- **BRIEF**: Using only the entries below, output the lines starting at the one containing "- Title : Hestian" and ending at the one containing "財政部25日發(fā)布數(shù)據顯", exactly and inclusive of both, omitting the pictures.

THE DATA START

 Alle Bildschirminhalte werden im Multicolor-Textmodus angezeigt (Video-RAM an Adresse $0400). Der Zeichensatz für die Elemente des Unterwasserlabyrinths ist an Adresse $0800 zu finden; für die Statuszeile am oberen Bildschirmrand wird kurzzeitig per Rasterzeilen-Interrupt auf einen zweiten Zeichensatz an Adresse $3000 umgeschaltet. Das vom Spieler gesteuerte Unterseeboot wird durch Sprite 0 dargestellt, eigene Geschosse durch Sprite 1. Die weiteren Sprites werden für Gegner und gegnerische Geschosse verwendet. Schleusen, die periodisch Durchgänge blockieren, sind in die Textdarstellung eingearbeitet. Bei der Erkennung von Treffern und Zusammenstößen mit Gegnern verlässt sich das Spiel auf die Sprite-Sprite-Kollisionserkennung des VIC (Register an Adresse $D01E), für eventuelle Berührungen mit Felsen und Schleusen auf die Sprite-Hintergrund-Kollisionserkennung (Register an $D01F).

THE DATA END
THE DATA START

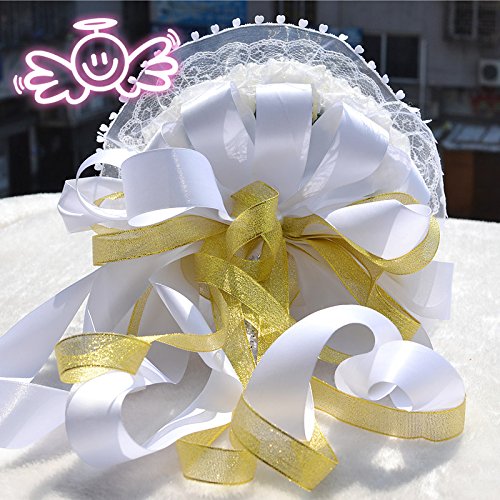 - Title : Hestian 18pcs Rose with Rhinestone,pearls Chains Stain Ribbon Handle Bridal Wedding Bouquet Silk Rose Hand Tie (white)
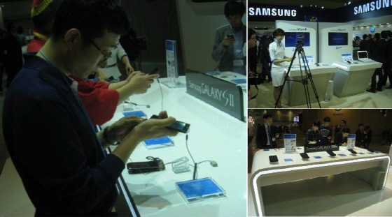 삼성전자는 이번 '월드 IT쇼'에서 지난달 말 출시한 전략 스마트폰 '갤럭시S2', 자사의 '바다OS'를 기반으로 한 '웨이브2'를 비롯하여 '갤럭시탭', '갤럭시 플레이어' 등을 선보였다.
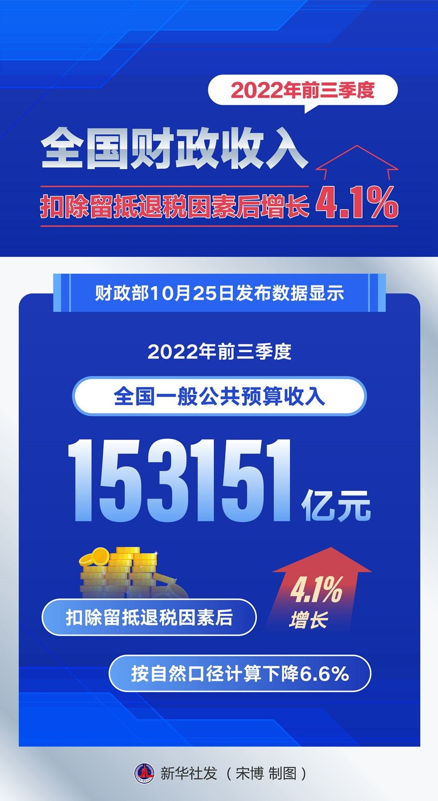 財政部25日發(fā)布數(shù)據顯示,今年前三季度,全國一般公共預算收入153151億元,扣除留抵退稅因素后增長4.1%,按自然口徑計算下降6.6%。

THE DATA END
THE DATA START

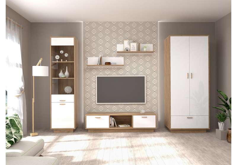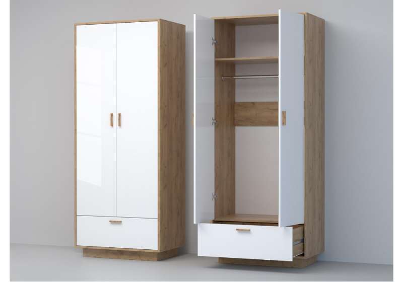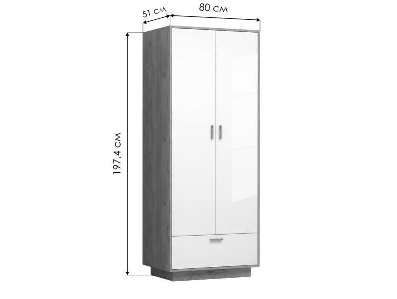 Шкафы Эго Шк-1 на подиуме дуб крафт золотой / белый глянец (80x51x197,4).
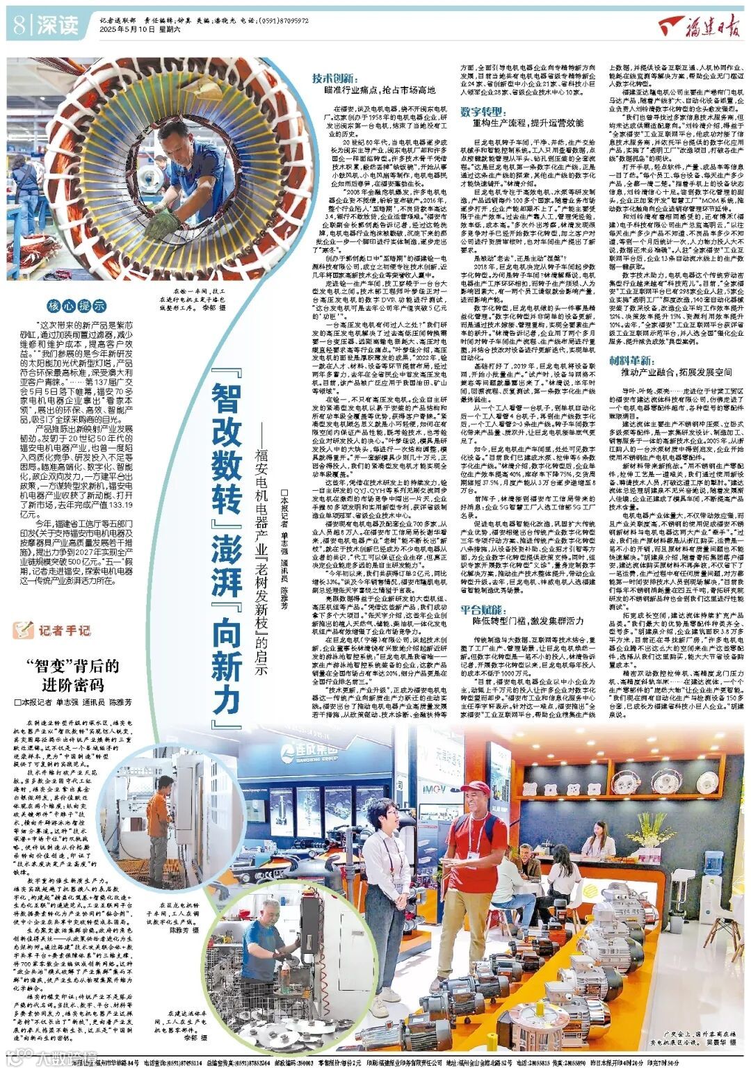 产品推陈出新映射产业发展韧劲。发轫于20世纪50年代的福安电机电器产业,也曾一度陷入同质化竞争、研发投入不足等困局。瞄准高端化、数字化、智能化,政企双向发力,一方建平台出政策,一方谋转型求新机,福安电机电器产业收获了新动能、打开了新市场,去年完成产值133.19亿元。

THE DATA END

- **SOLUTION TO THIS TASK**:
 - Title : Hestian 18pcs Rose with Rhinestone,pearls Chains Stain Ribbon Handle Bridal Wedding Bouquet Silk Rose Hand Tie (white)
 삼성전자는 이번 '월드 IT쇼'에서 지난달 말 출시한 전략 스마트폰 '갤럭시S2', 자사의 '바다OS'를 기반으로 한 '웨이브2'를 비롯하여 '갤럭시탭', '갤럭시 플레이어' 등을 선보였다.
 財政部25日發(fā)布數(shù)據顯示,今年前三季度,全國一般公共預算收入153151億元,扣除留抵退稅因素后增長4.1%,按自然口徑計算下降6.6%。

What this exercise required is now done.